Danny Amendola, WR, NE- Fantasy football is so unpredictable, we must take risks. Obviously, trading for Danny Amendola would be categorized as such. Proving as injury-prone as ever, Amendola has played a mere 147 snaps all season. But when he’s been on the field, he has still been an effective PPR asset. The point is, trading something small for Amendola could turn out to be a league-winning move IF he stays healthy. His owner may be so sick of him that you could deal him for some bye-week depth, and that’s a move I recommend making. His placement in this “buy low” section is entirely based on his risk/reward potential, and it’s a risk worth taking if the price is small enough.




Matt Ryan, QB, ATL and Andrew Luck, QB, IND- These quarterback’s placements in the “sell high” section are absolutely not an indictment of their talent or real-life effectiveness- its simply due to their situations. Much of Matt Ryan’s fantasy value came from the boost his dynamic WR tandem gave him. With no more Julio Jones and maybe about half of Roddy White left (who STILL hasn’t resumed practicing), I simply don’t see a way Matt Ryan remains a QB1. This will almost certainly go down as his best game in the post-Julio Jones 2013.


Andrew Luck has experienced the same problem in losing ol’ reliable Reggie Wayne. With the Colts winning with limiting their pass attempts, Luck’s fantasy value was already on slightly shaky ground. There’s no reason to believe they’ll throw more without their most reliable wide receiver- more than likely, they’ll rely even more heavily on the run while mixing in plays for T.Y. Hilton- their only effective outside weapon. In fantasy, sometimes QBs are only as good as their weapons. Considering the depth at QB with the emergence of Philip Rivers, Terrelle Pryor and Michael Vick, QB is a position you should be able to get some cheap upside at. I still really like Ryan and Luck as QB2s, but their upside is shot.

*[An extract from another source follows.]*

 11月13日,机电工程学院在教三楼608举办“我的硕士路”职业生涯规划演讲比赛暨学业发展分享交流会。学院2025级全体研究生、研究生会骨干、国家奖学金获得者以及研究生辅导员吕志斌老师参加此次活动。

Vincent Jackson, WR, TB- I usually don’t put seriously talented players who are the top option on their offense as “sell highs”, but I believe Jackson’s perceived value has surpassed his actual value. Coming off of an insane 19/252/4 two-game stretch, many owners likely perceive Jackson as an elite WR1. I simply don’t think that’s the case due to his situation. Jackson is an excellent wide receiver, but he is not on par talent-wise with the Dez Bryants and Calvin Johnsons of the league. With a rookie QB and no more Doug Martin, is it inconceivable that defenses will TRIPLE team Vincent Jackson? He runs a lot of his routes in the slot which would make that difficult, but this will definitely go down as Jackson’s best two-game stretch of the season. He is a great WR2, but simply cannot keep this up in the mess that is the Tampa Bay Buccaneers.

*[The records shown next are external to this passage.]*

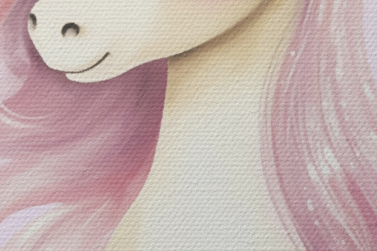 Smalkais diegu pinums uz šī audekla atgādina profesionālu mākslinieku audeklu virsmu.
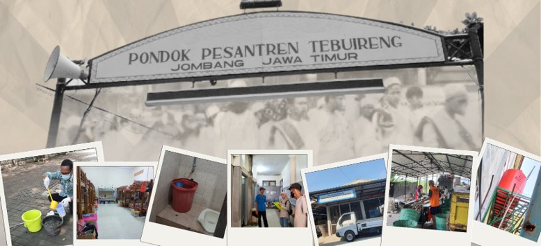 Tebuireng Central Islamic Boarding School, one of the largest in East Java, plays a significant role in social development and environmental improvement. However, challenges such as suboptimal clean water supply and inadequate sanitation persist. Although the boys’ dormitory has a wastewater treatment plant (WWTP), regular effluent testing and maintenance are absent, while the girls’ dormitory lacks a WWTP, discharging wastewater directly into a river. Additionally, despite the establishment of Bank Sampah Tebuireng (BST) to promote waste sorting and recycling, individual awareness remains low. Furthermore, the drainage system is poorly maintained. This study aims to evaluate these issues. Research methods employed include field observations, laboratory tests on drinking water and domestic wastewater quality, and questionnaires administered to administrators and members of the boarding school. Questionnaires were designed to gather data on environmental awareness regarding clean water, wastewater, waste management, and drainage. The evaluation of clean water supply and sanitation facilities was based on three aspects: technical, financial, and community involvement. The findings reveal that the management of clean water supply and sanitation facilities at Tebuireng Central Islamic Boarding School does not meet the standards. This is evident from the results of well water quality tests, which showed that Total Dissolved Solids (TDS) and Total Coliform levels exceeded the standard limits, with TDS measuring 477 mg/L and Total Coliform at 12 MPN/100 mL. Wastewater management also falls short of standards in terms of both quantity and quality. In the boys’ dormitory, effluent quality does not meet the standard limits, with high levels of BOD (57.2 mg/L), COD (103.7 mg/L), TSS (46.7 mg/L), and Total Coliform (2,320,000 CFU/100 mL). The failure to meet effluent standards can be attributed to a lack of WWTP maintenance, overload, non-compliance with technical requirements, and negligence in operational procedures. Preventive maintenance is necessary to achieve effluent quality that meets the standards. Waste management at the boarding school is carried out at TWB, where waste is sorted into two categories based on predetermined criteria and has commercial value. It is planned to provide sorted waste bins in all areas of the boarding school to encourage individuals to dispose of waste according to the correct category, thereby increasing awareness of the importance of waste sorting. The drainage system in the boarding school area is clogged with dirt and sediment, requiring regular cleaning. The support of the boarding school community is needed to raise awareness of the importance of environmental management and improve quality of life.
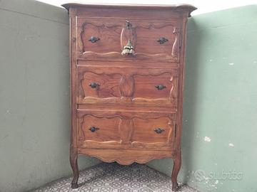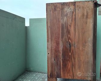 è COMPELTAMENTE IN LEGNO MASSICCIO , ANCHE SCHIENALE E LE MENSOLE SONO IN LEGNO MASSICCIO . POMELLI E SERRATURA SONO IN BRONZO PATINATO ; CHIUSURA è ORIGINALE ED ED è PERFETTAMENTE FUNZIONANTE CON CHIAVE ( NAPPINA NON INCLUSA ).
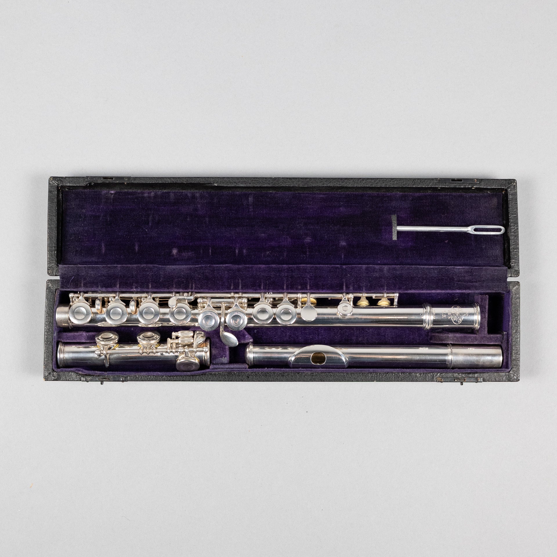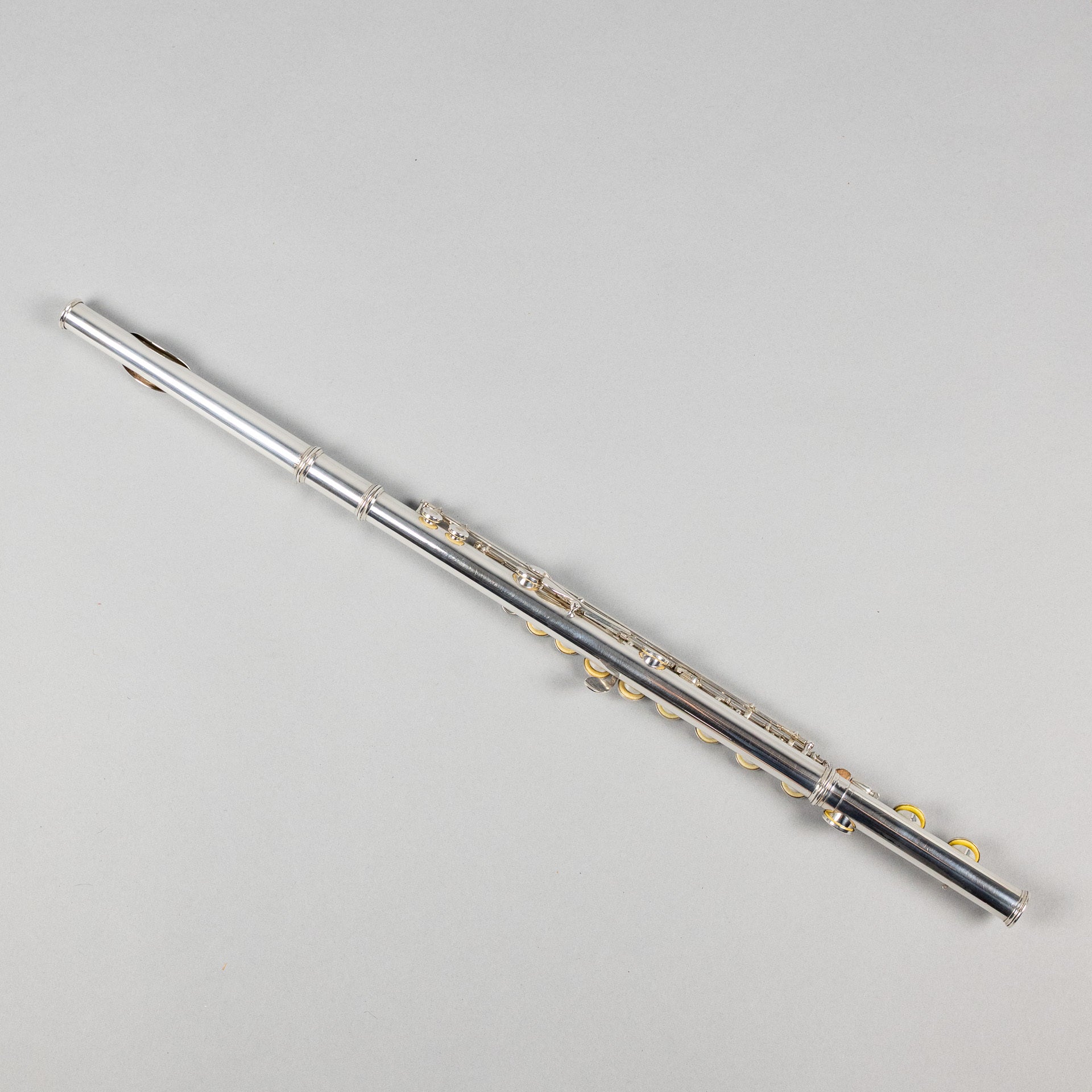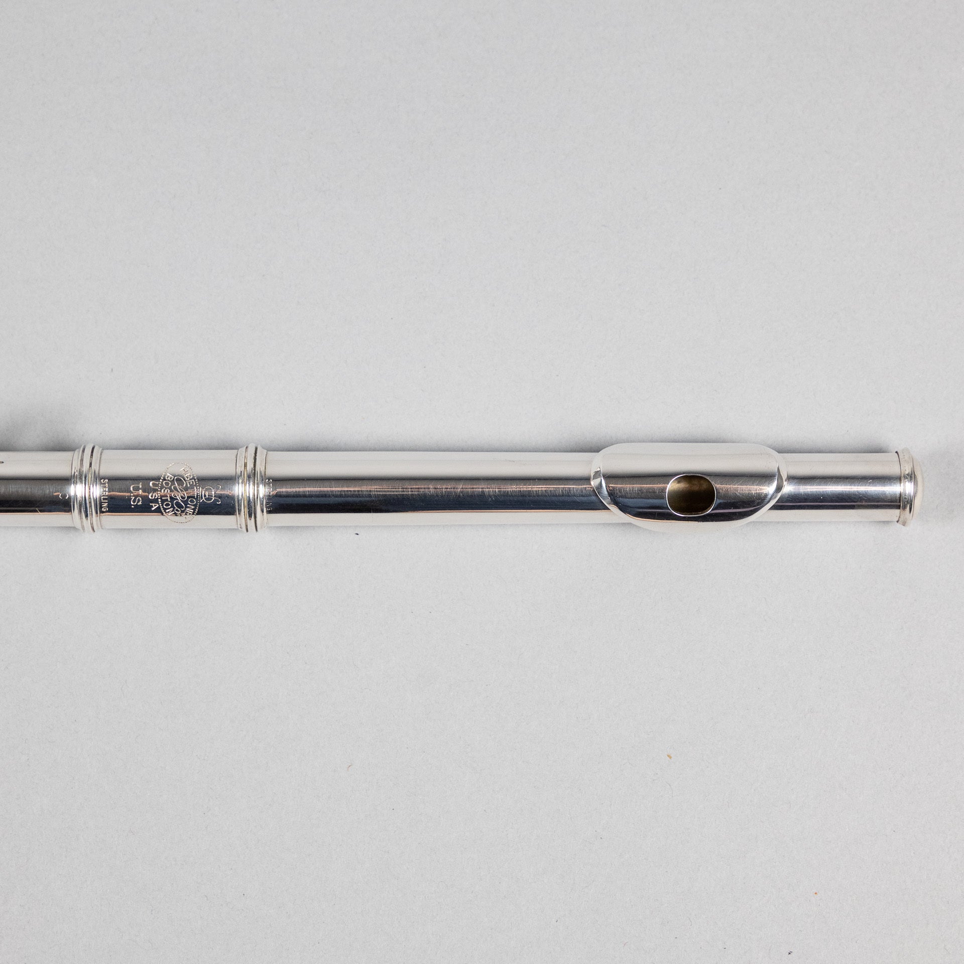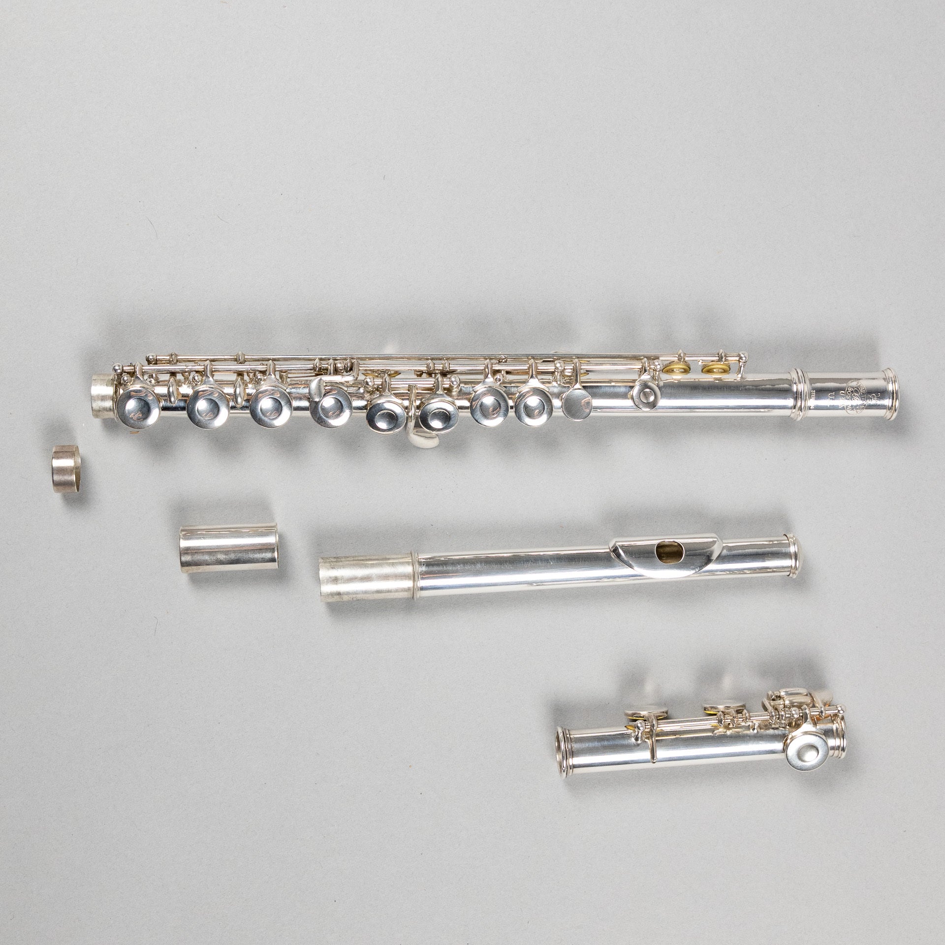 Very good condition with some small scratches and wear in the finish. Sterling silver student flute. Closed hole, C foot. Comes with a case and joint covers.

Ryan Mathews, RB, SD- The game tape from the past two weeks that this is the Ryan Mathews we expected when spending a first-round fantasy pick on him last August. But the box score has yet to catch up, and likely never will. Simply put, Ryan Mathews is in the same boat as DeAngelo Williams- a running back bereft of receptions and goal-line looks who relies entirely on rushing yards for his value. Mathews scored his first touchdown since Week One last week, and hasn’t caught a pass in three weeks. Danny Woodhead sees all the passing down and much of the goal-line work- his success means Mathews isn’t seeing any of that fantasy goldmine anytime soon.


Besides the “obvious” ‘stop buying/selling’ and ‘keep buying/selling’, here are some players from previous articles you should keep trading for and away:


Keep Buying: CJ Spiller, Steve Smith, Marques Colston

Keep Selling: DeAngelo Williams, Maurice Jones-Drew


Stop Buying: Ray Rice, Lamar Miller (will never understand his usage coming off of the bye)

Stop Selling: Philip Rivers, James Jones


One Response

  1. Trick dad says:

    Do you view Trent Richardson as a buy or sell? I’m thinking he holds late second round value at this point. Fair assessment?